Matéria do jornal Valor Econômico, publicada no dia 2 de dezembro de 2008, fala sobre proposta para a redução do desmatamento de florestas tropicais, feita pela União Européia.
UE propõe 20 bilhões de Euros para conter desmatamento
Daniela Chiaretti, de Poznan
A Conferência das Nações Unidas sobre Mudança Climática começou ontem, em Poznan, na Polônia, com uma notícia que pode esquentar a temperatura das negociações nos próximos dias: a União Européia lançará uma proposta muito ambiciosa para conservar as florestas tropicais e evitar o desmatamento, ao custo de 20 bilhões de euros ao ano.

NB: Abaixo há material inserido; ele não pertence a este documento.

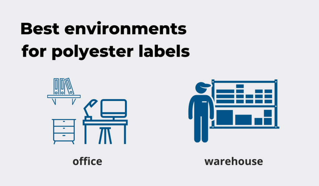 The ideal environment for such labels consists of indoor spaces, such as your offices or the warehouse. They are typically used for paper files, office inventory, or other types of indoor equipment.
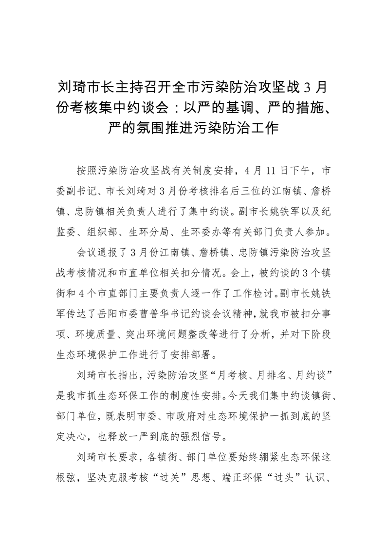 刘琦市长主持召开全市污染防治攻坚战3月份考核集中约谈会:以严的基调、严的措施、严的氛围推进污染防治工作
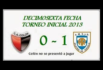 1º) SANCIONAR al CLUB ATLETICO COLON DE SANTA FE con la pérdida del partido del 18 de noviembre de 2013 suspendido por el árbitro, y dar por ganado el mismo a la ASOCIACION MUTUAL, SOCIAL Y DEPORTIVA ATLETICO RAFAELA.

Esta é a boa surpresa. O outro lado da moeda é o objetivo da União Européia (UE) com as doações que pode fazer aos países donos das florestas. Parece meta de ONG, mas foi Artur Runge-Meztger, representante da UE, quem declarou: "A idéia é reduzirmos pela metade o desmatamento no mundo em 2020 e ter zero de desmatamento em 2030". Nos próximos dias a proposta será votada pelos países-membros da UE em Bruxelas e aterrissará em Poznan na segunda semana da megaconferência, junto com o alto escalão ministerial dos 190 países presentes.
O Global Forest Carbon Mechanism, como deve se chamar a proposta européia, é um meio trunfo para a diplomacia brasileira. A idéia de um fundo para salvar as florestas sem estar ligado ao mercado de carbono surgiu na Conferência de Nairóbi, em 2007, em discurso da ex-ministra Marina Silva. Foi recebido com ceticismo por quem não acreditava que alguma nação rica colocaria dinheiro como doação para não haver desmatamento, sem ganhar créditos de carbono por isso.
Mas foi assim que o Fundo Amazônia saiu do papel, com dinheiro norueguês e que deve receber U$$ 20 milhões nos próximos dias.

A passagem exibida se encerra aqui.